According to the National Coffee Association, Ethiopian legend holds that goats were the first to discover the joys of coffee.  This occurred somewhere prior to the year 1000.  The goats did not brew up a batch of “cowboy coffee,” of course, but rather ate a bunch of the berries and then danced and bleated around the bush all night instead of sleeping.  The goat herder tending the goats, a man named Kaldi, reported this to the abbot of the local monastery and handed over some of the berries.  The abbot threw the berries onto a fire and found the scent they emitted “heavenly.”  The abbot then gobbled up some of the berries.  Next thing you know, I and my friend Sandi are totally addicted to coffee.
At this point, I cannot imagine a day without coffee.  The thought of that causes me to break into a cold sweat.

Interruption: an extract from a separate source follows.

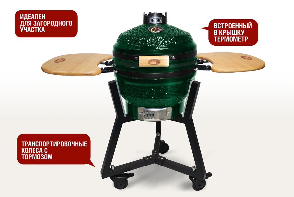 Керамический гриль, SG 16 PRO Green относится к премиальной линейке семейства керамических грилей Start Grill.
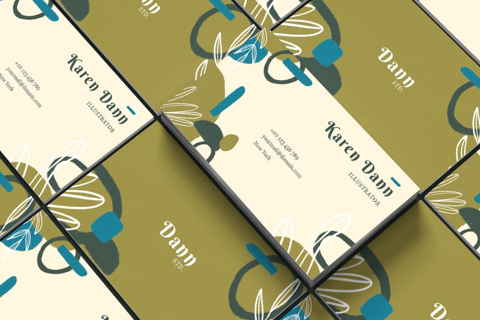 时尚高端简约抽象手绘风格的新孟菲斯风格名片设计模板

Early drinkers of coffee considered coffee a medicine.  Moreover, the Muslim regions took to coffee immediately, having eschewed wine and other alcoholic drinks.
The first documented coffee house opened in Constantinople (Istanbul) in 1554.  Worldwide expansion of coffee drinking began with Turkish conquests and the influence of the Ottoman Empire.  It must be noted, however, that Sultan Murad IV, a ruler of the Ottoman Empire, attempted to ban the consumption of coffee.  He made the consumption of coffee a capital offense.  He is said to have wandered the streets of Istanbul posing as a commoner and carrying a hundred-pound broadsword.  When he found someone drinking coffee he would decapitate them immediately.  His successor was somewhat more lenient.  A first offense was punishable by a cudgeling (getting beaten with a stick).  A second offense saw offenders sewn into a leather bag and tossed in the river.
The consumption of coffee could not be stopped.  Coffee soon found its way to Europe and from there it traveled in all directions.
Today, Brazil is the largest producer of coffee in the world.  Coffee in Brazil owes its existence to the Governor’s wife of French Guiana.  In 1727, a certain Francisco de Mello Palheta was sent from Brazil to French Guiana to get coffee seedlings.  The French refused to give any seedlings, but the Governor’s wife—captivated by the envoy’s good looks—gave him a bouquet of flowers with coffee seeds hidden inside.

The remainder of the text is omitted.